Collected material: Begin

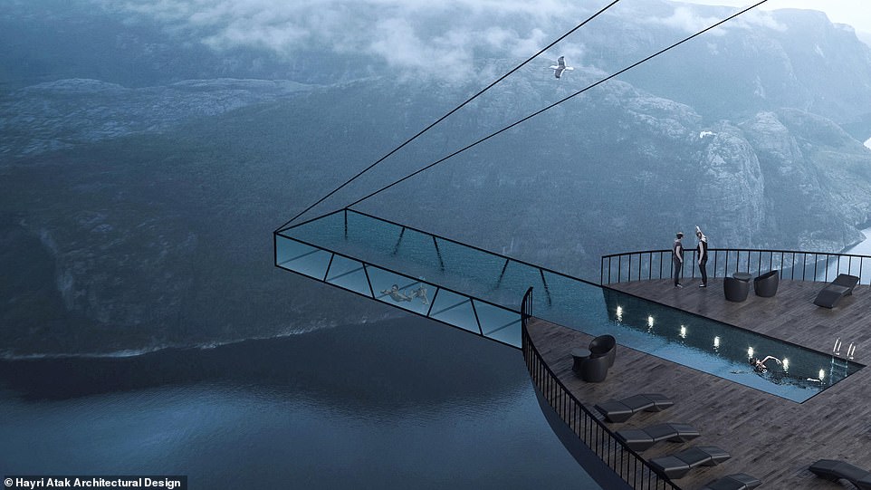 Khách sạn của kiến trúc sư Hayri Atak Studio có hồ bơi bằng kính xuyên thấu, tầm nhìn ra vịnh Lysefjorden được thiết kế nhô hẳn ra ngoài từ một bên của vách đá cao 600m. Tuy nhiên, khách sạn mới thành hình trên giấy, chưa được phép quy hoạch. Ngoài 3 tầng phòng dành cho khách thuê, khách sạn còn có 2 tầng ban công để khách ngắm phong cảnh kỳ vĩ. Đây là tòa nhà duy nhất trên thế giới kết hợp bể bơi vô cực 360 độ.
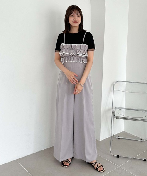■フリルがポイントに■フリルビスチェが特徴のジャンプスーツ。ビスチェとパンツそれぞれ着用可能なので着回し力抜群なアイテムです。ボトムスはゆとりのあるワイドなシルエット。さらっとした生地感なので汗ばむ季節でもさらっと着ていただけます。ビスチェは短め、パンツはハイウエストなのでスタイルアップが叶う。ジャンプスーツを大人っぽく綺麗に着こなすことが可能です。Tシャツ合わせでラフな着こなしがおすすめ♪ーーーーーーーーーーーーーーー透け感:なし裏地:あり伸縮性:あり光沢感:なし生地厚さ:普通洗濯方法:手洗い可※詳しいお手入れ方法は商品についているタグをご覧くださいーーーーーーーーーーーーーーー※ご利用のモニター環境により、実際の色味と多少異なる場合がございます。… information … 欲しいitemをお気に入り登録(♡マークをclick) ・お買いのがし対策…完売itemの再入荷やラスト1点の情報をお知らせ ・欲しいitemをお得にget…price downになったらいち早くお知らせ ・スムーズ検索…ZOZOのお気に入りアイテムページで簡単checkできるから、再検索不要♪
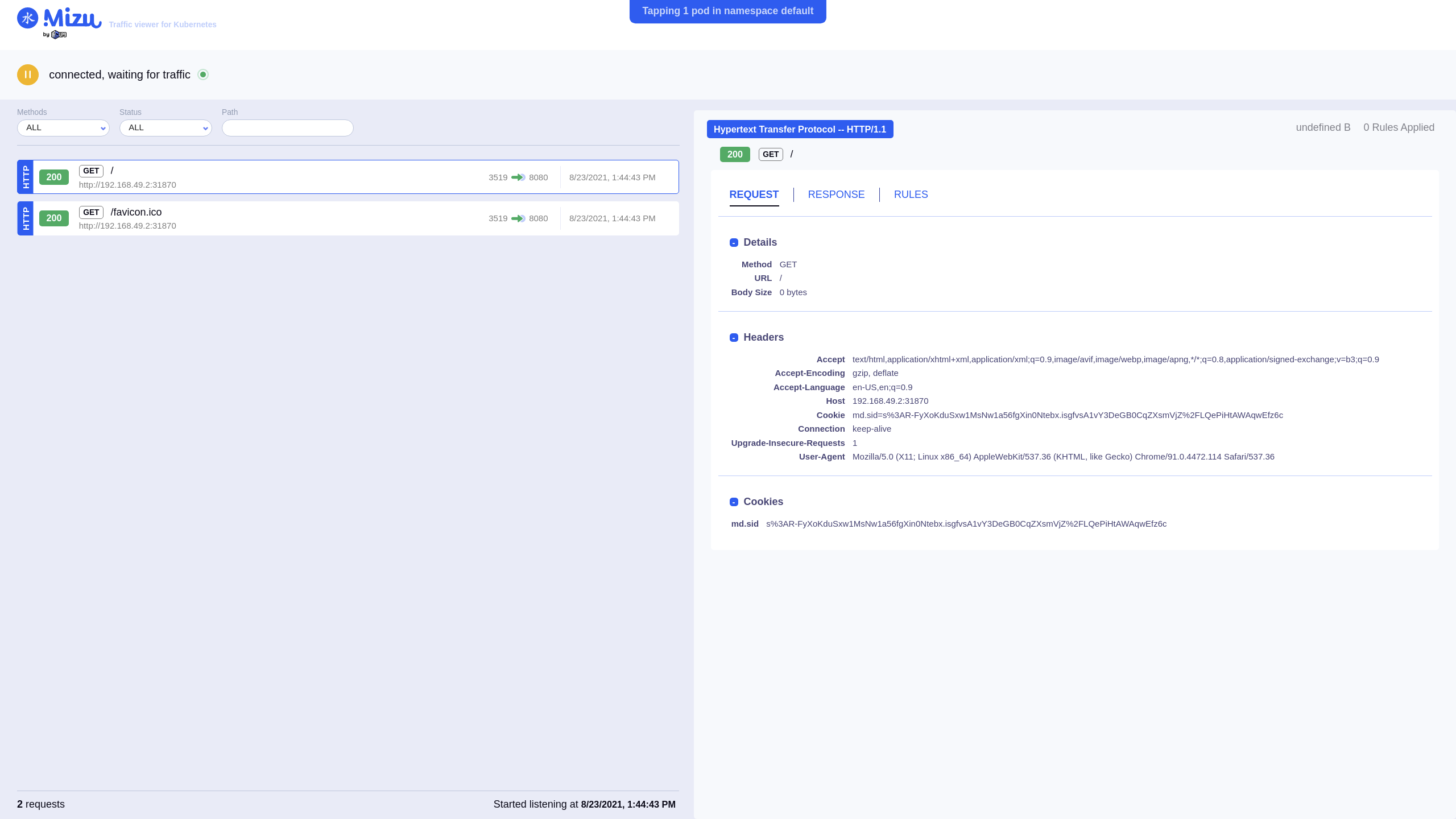 $ ./cli/bin/mizu__ tap hello-node-7567d9fdc9-f9n7r

Collected material: End

# The problem:
Repeat verbatim the lines from the one holding "information … 欲しいitemをお気に入り登録(♡マークをclick)" through the end of the listing above, both ends included, but not the pictures.

# Task output:
■フリルがポイントに■フリルビスチェが特徴のジャンプスーツ。ビスチェとパンツそれぞれ着用可能なので着回し力抜群なアイテムです。ボトムスはゆとりのあるワイドなシルエット。さらっとした生地感なので汗ばむ季節でもさらっと着ていただけます。ビスチェは短め、パンツはハイウエストなのでスタイルアップが叶う。ジャンプスーツを大人っぽく綺麗に着こなすことが可能です。Tシャツ合わせでラフな着こなしがおすすめ♪ーーーーーーーーーーーーーーー透け感:なし裏地:あり伸縮性:あり光沢感:なし生地厚さ:普通洗濯方法:手洗い可※詳しいお手入れ方法は商品についているタグをご覧くださいーーーーーーーーーーーーーーー※ご利用のモニター環境により、実際の色味と多少異なる場合がございます。… information … 欲しいitemをお気に入り登録(♡マークをclick) ・お買いのがし対策…完売itemの再入荷やラスト1点の情報をお知らせ ・欲しいitemをお得にget…price downになったらいち早くお知らせ ・スムーズ検索…ZOZOのお気に入りアイテムページで簡単checkできるから、再検索不要♪
 $ ./cli/bin/mizu__ tap hello-node-7567d9fdc9-f9n7r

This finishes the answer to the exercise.